Florida state Sen. Keith Perry, who represents the eighth district in northern Florida, reacted to what he saw on the ETR website.
“I’m going to absolutely do everything I can with the Department of Education to make sure that parents understand and know what is being taught, and that whatever is being taught is appropriate,” he told The Epoch Times. “We have a lot of work to do.”
Perry said that what’s needed across the state is “consistency” in the curriculum.
“It makes it a lot more transparent and easier to have all school districts have the same curriculum,” he said.
An added benefit to making the curriculum consistent throughout the state is the cost break that could be involved for the 67 school districts.
“If you look at the cost [with a consistent curriculum], you wouldn’t have to spend on 67 different things, like procuring different kinds of textbooks and stuff that certainly can be bought at a much better rate. So there are some cost benefits,” Perry said.
The senator said he engages in “fact and data gathering” when he attends meetings and speaks to community and religious groups, and that he encourages parents to go to their school boards to find out what’s being taught to their children.
Parents need to be more involved in their children’s education, and schools need more “transparency,” he said.
“Schools are government entities. They are part of the government. And it’s inappropriate for the government to be involved in some of these things,“ such as graphic sex instruction,” Perry said.

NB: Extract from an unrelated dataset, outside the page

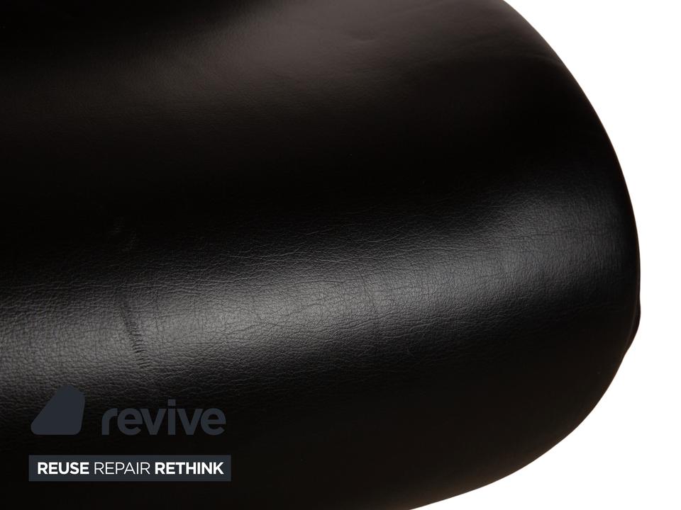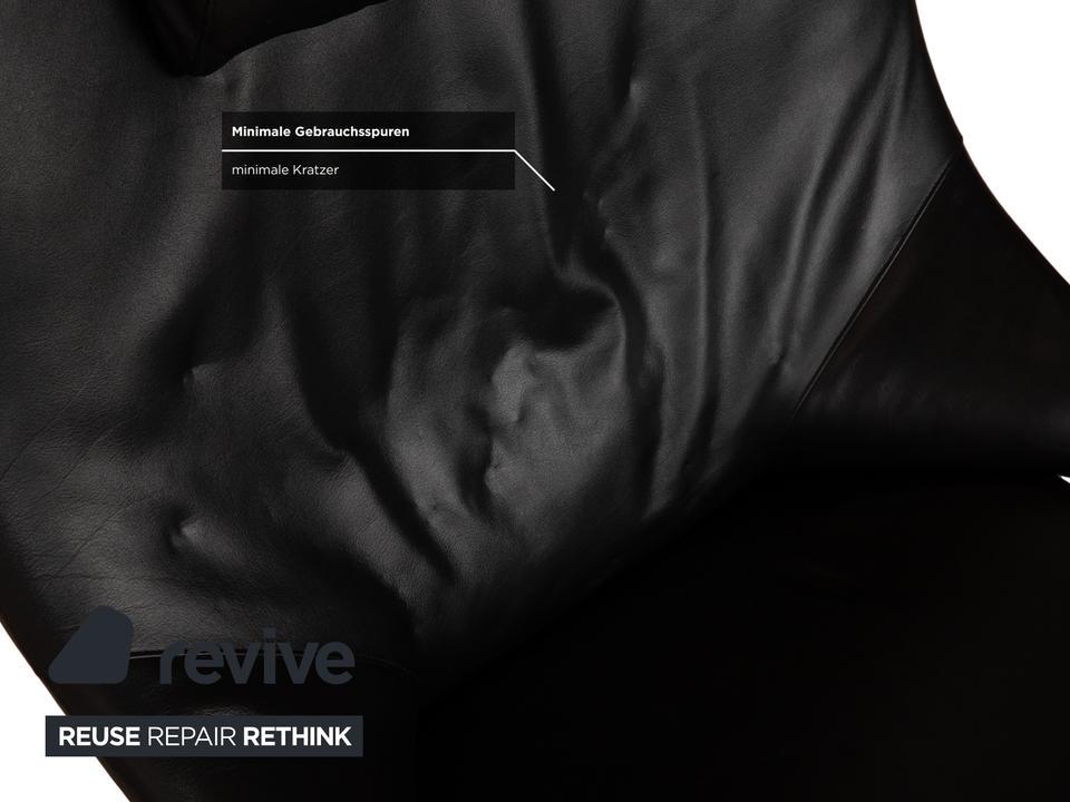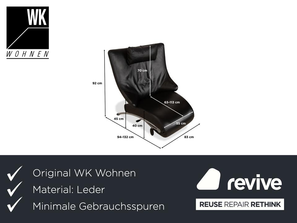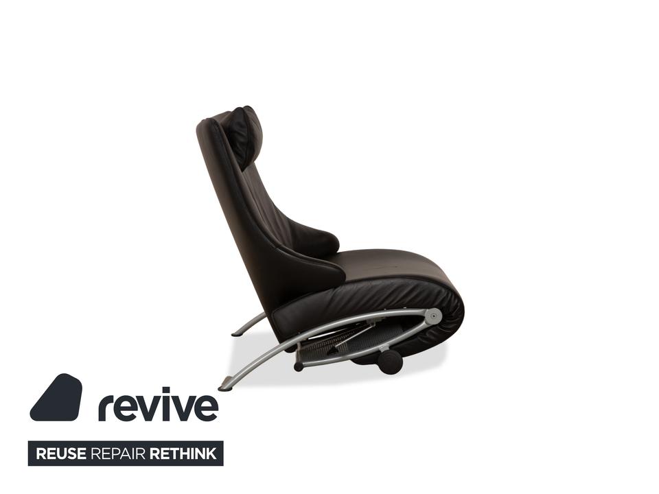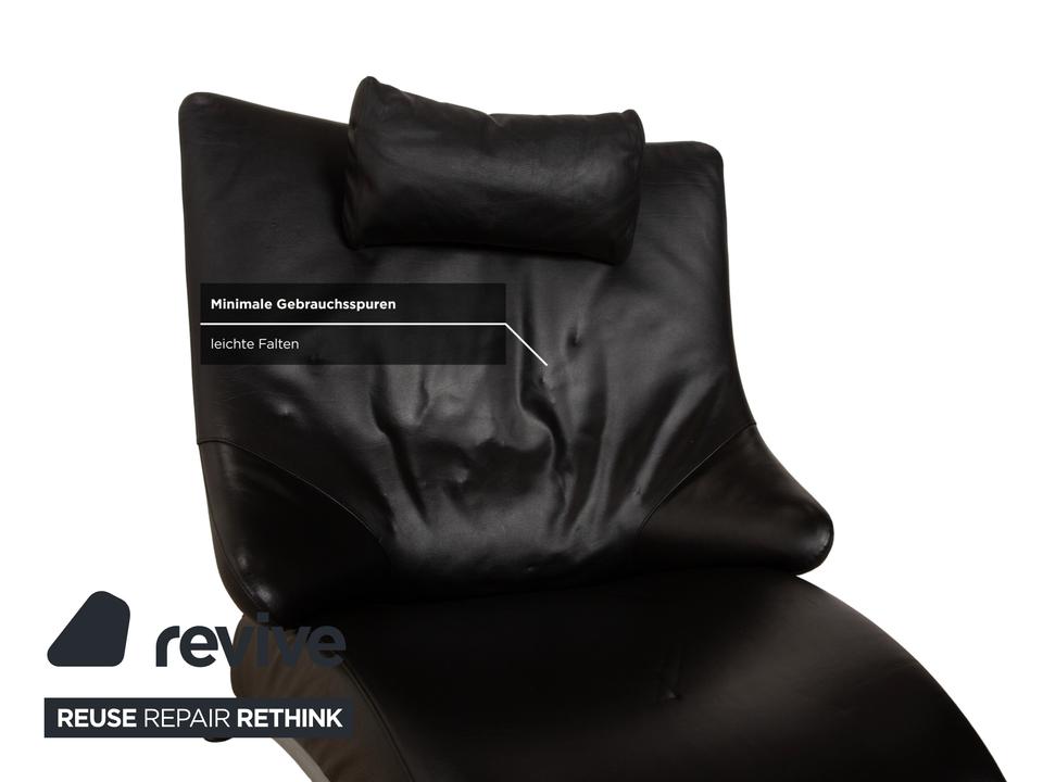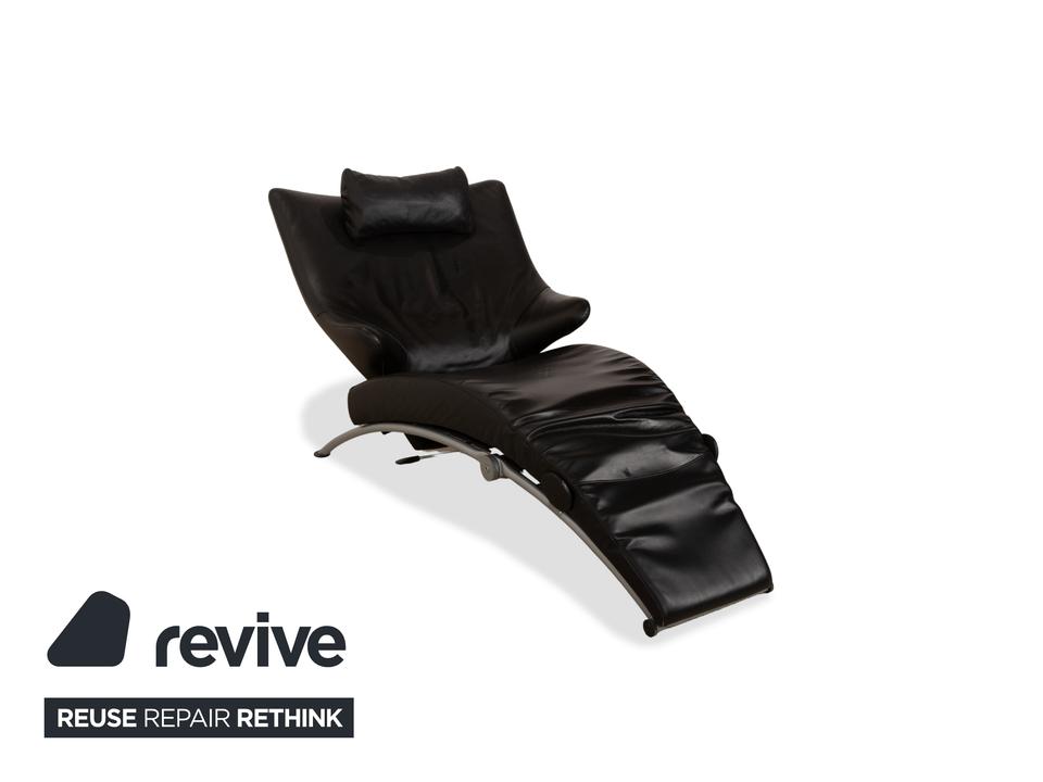 Der Sessel Solo 699 von WK Wohnen ist mit einem schwarzen Echtleder bezogen und steht auf schmalen, silbernen Metallfüßen. Er zeichnet sich durch seine komfortable Relaxfunktion und das extravagante, auffällige Design aus.

“They’re not transparent. Schools need to make it easy for all curricula to be examined and looked at.”
Both Macie and Bernhardt agree that people need to be more careful about the candidates who ask for their votes, especially in school board races.
“We willingly give [power] to other people, from school board members all the way to the president [of the United States],” Macie said. “We’ve got to take our power back. That’s the only way to fix this.”